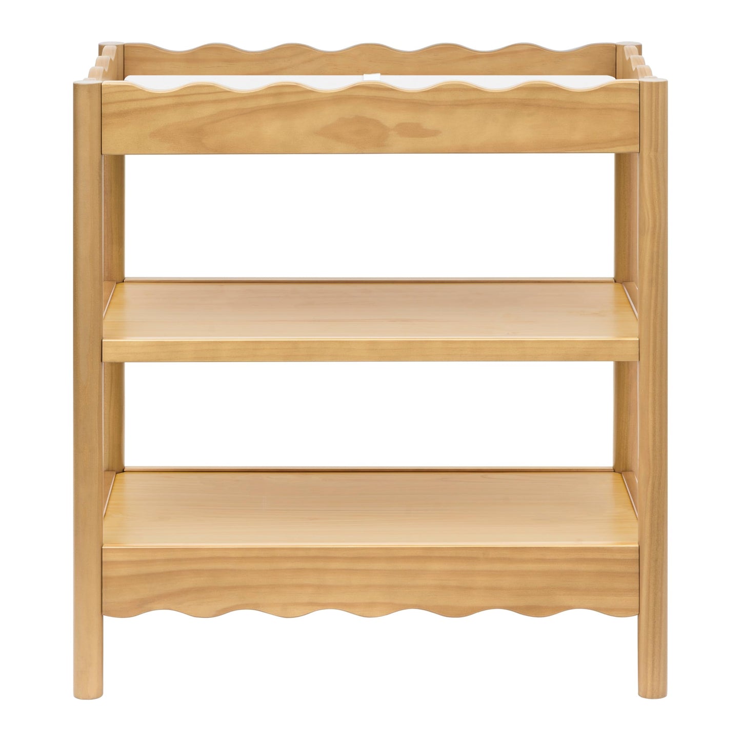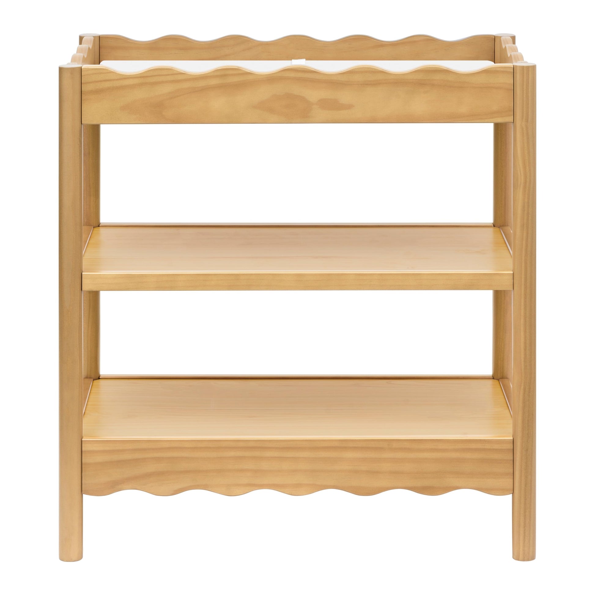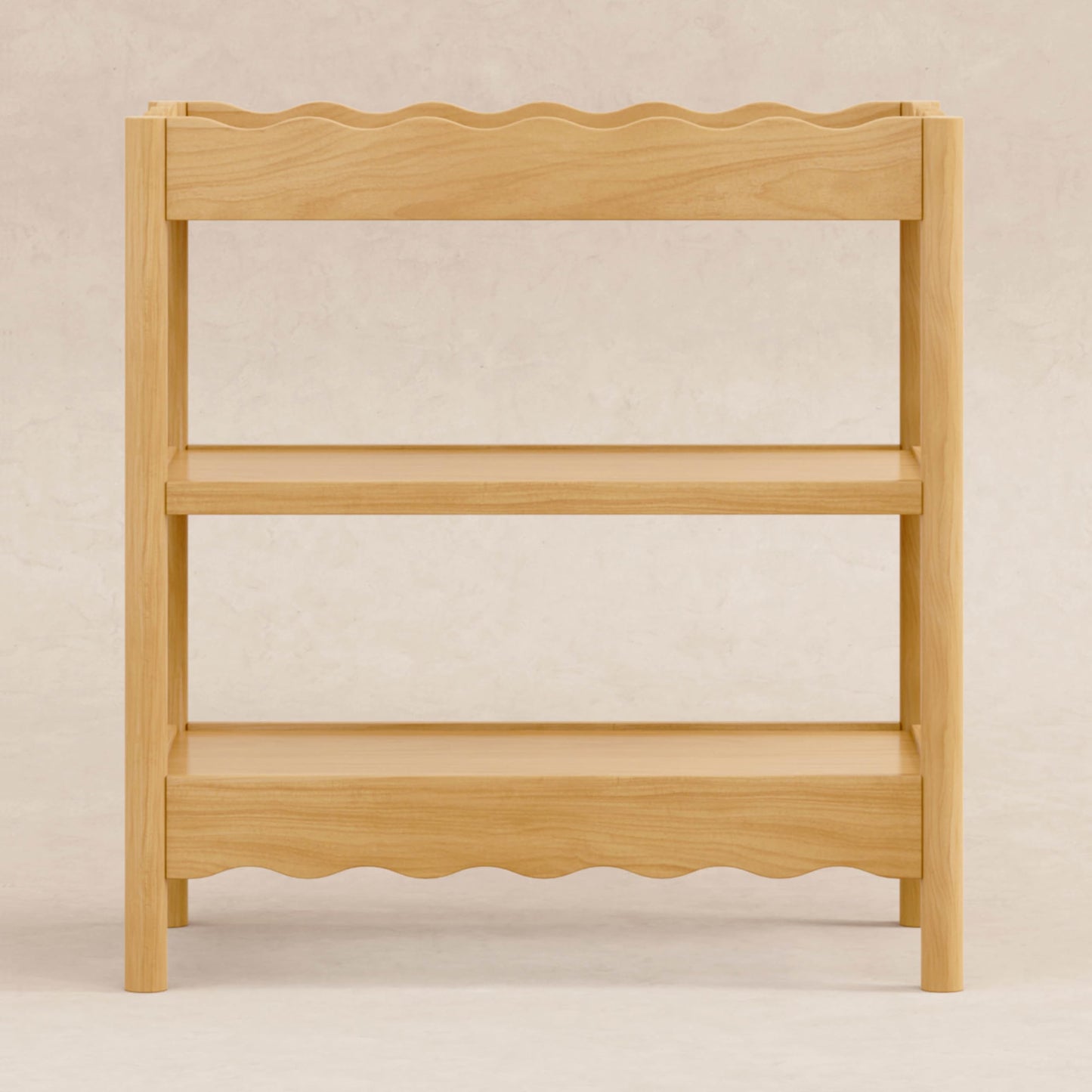 With rounded posts and wave-like edges, the Swell Changing Table has a modern, ocean-inspired design that pairs perfectly with your Swell Crib. It features two spacious, open shelves for all your diaper changing needs for convenient changings.
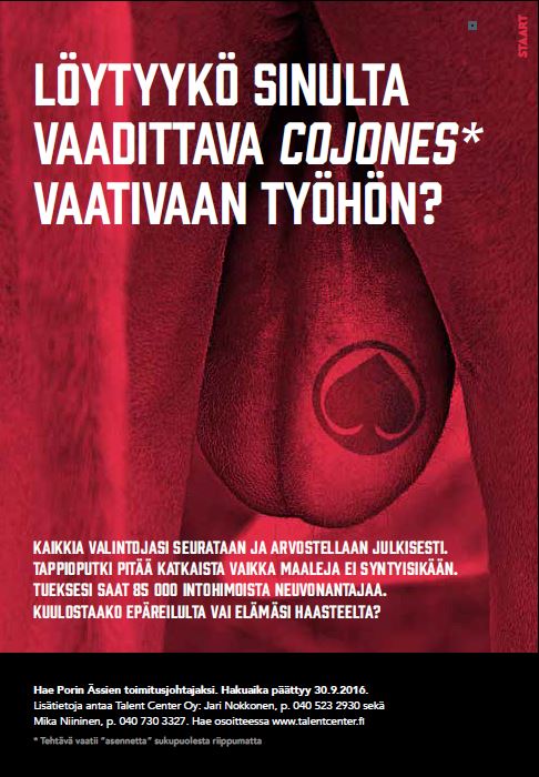 Ässät ei hae uutta toimitusjohtajaa perinteisellä tavalla.Hakuilmoituksessa on kuva härän kiveksistä, joissa on Ässien logo. Oheisessa tekstissä kysytään, että ’Onko sinulla vaadittava cojones* vaativaan työhön?’.
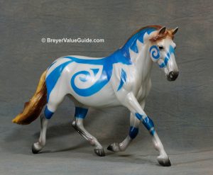 Semigloss mulberry grey and soft pearl; fiery ginger mane and tail, blue war paint; BreyerFest SR
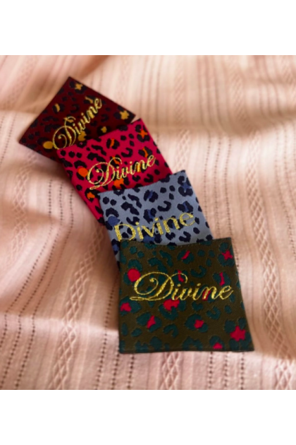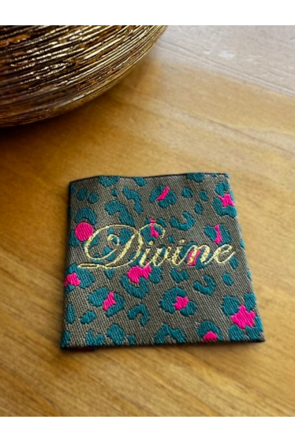 Élégante et originale, cette étiquette tissée apporte une finition moderne et raffinée à vos vêtements et accessoires cousus main. Avec son fond kaki, ses touches de fuschia profond et son inscription dorée, Divine Léopard Blue est idéale pour personnaliser une robe, une blouse, une veste, un gilet, une trousse ou tout autre projet couture.
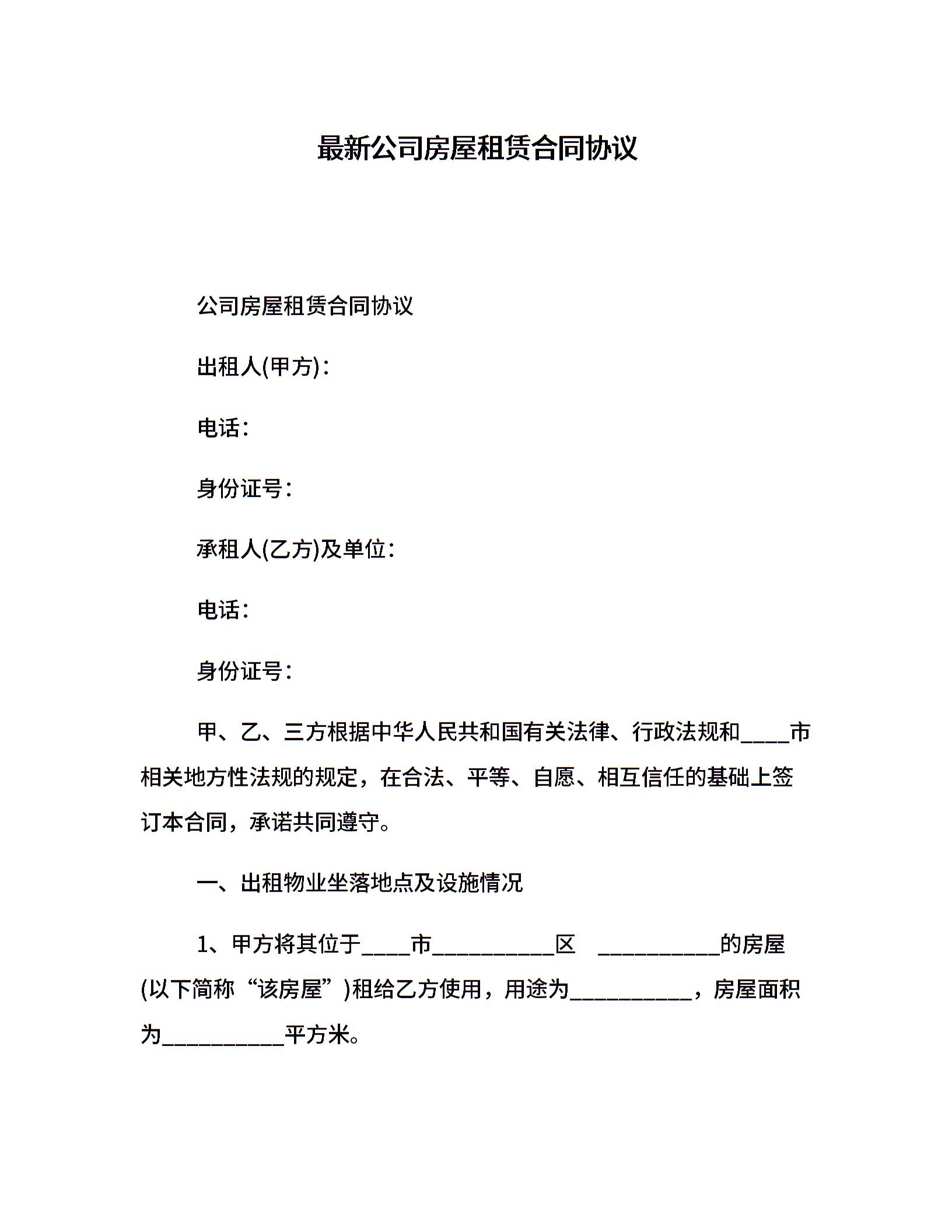 最新公司房屋租赁合同协议
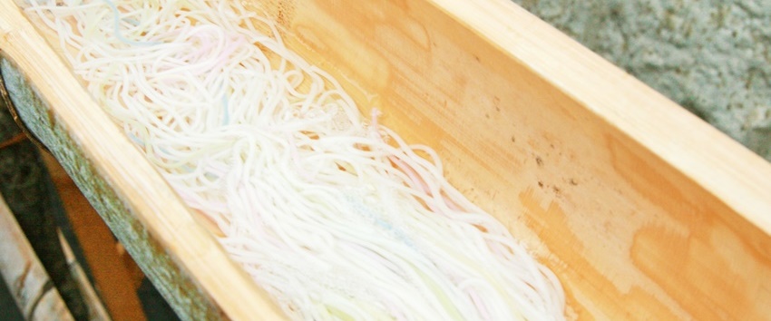 流水素面是日本夏季非常傳統的一項消暑活動。據悉,流水素面于昭和30年(1955年)發源于九州宮崎縣高千穗町的高千穗峽,當地人夏天在野外干活時,會把素面煮熟,放在青竹里,借用清澈的山泉水食用。之后,這種吃法也普及到了日本全國。>>>>
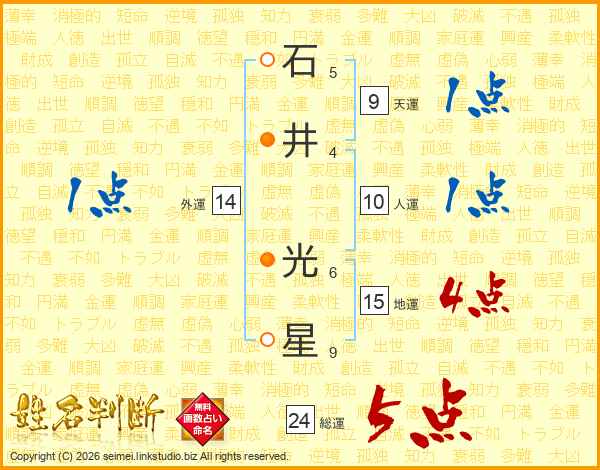 石(5画)井(4画) 光(6画)星(9画)
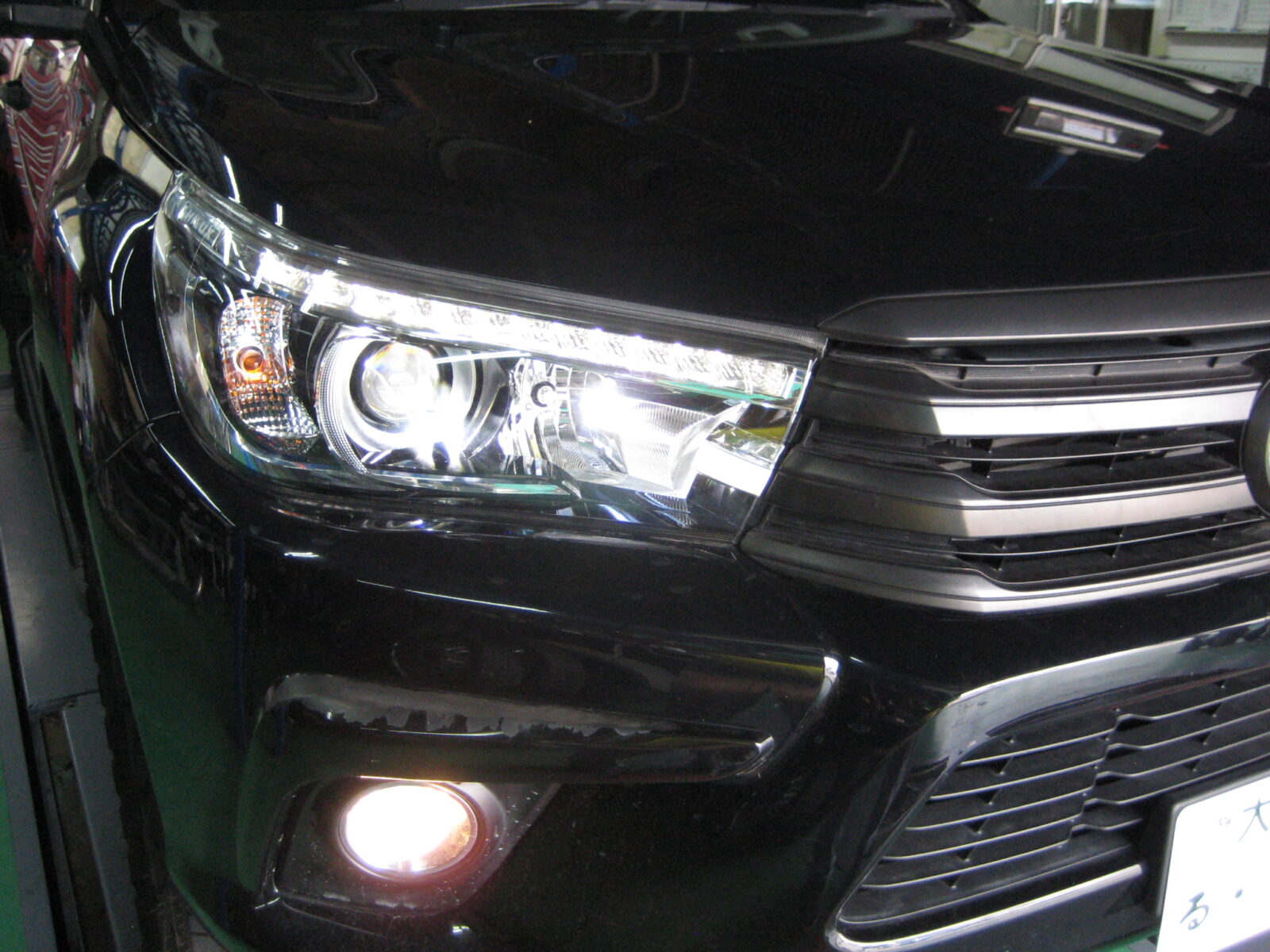 ハイラックス GUN125 ハロゲンヘッドライトからLEDヘッドライトに移植加工です。

────────────────────

= WHAT YOU NEED TO DO =
Start with the line that holds "最新公司房屋租赁合同协议" and retype each line through the last one in the data, exactly and without pictures.

= OUTPUT OF THE EXERCISE =
 最新公司房屋租赁合同协议
 流水素面是日本夏季非常傳統的一項消暑活動。據悉,流水素面于昭和30年(1955年)發源于九州宮崎縣高千穗町的高千穗峽,當地人夏天在野外干活時,會把素面煮熟,放在青竹里,借用清澈的山泉水食用。之后,這種吃法也普及到了日本全國。>>>>
 石(5画)井(4画) 光(6画)星(9画)
 ハイラックス GUN125 ハロゲンヘッドライトからLEDヘッドライトに移植加工です。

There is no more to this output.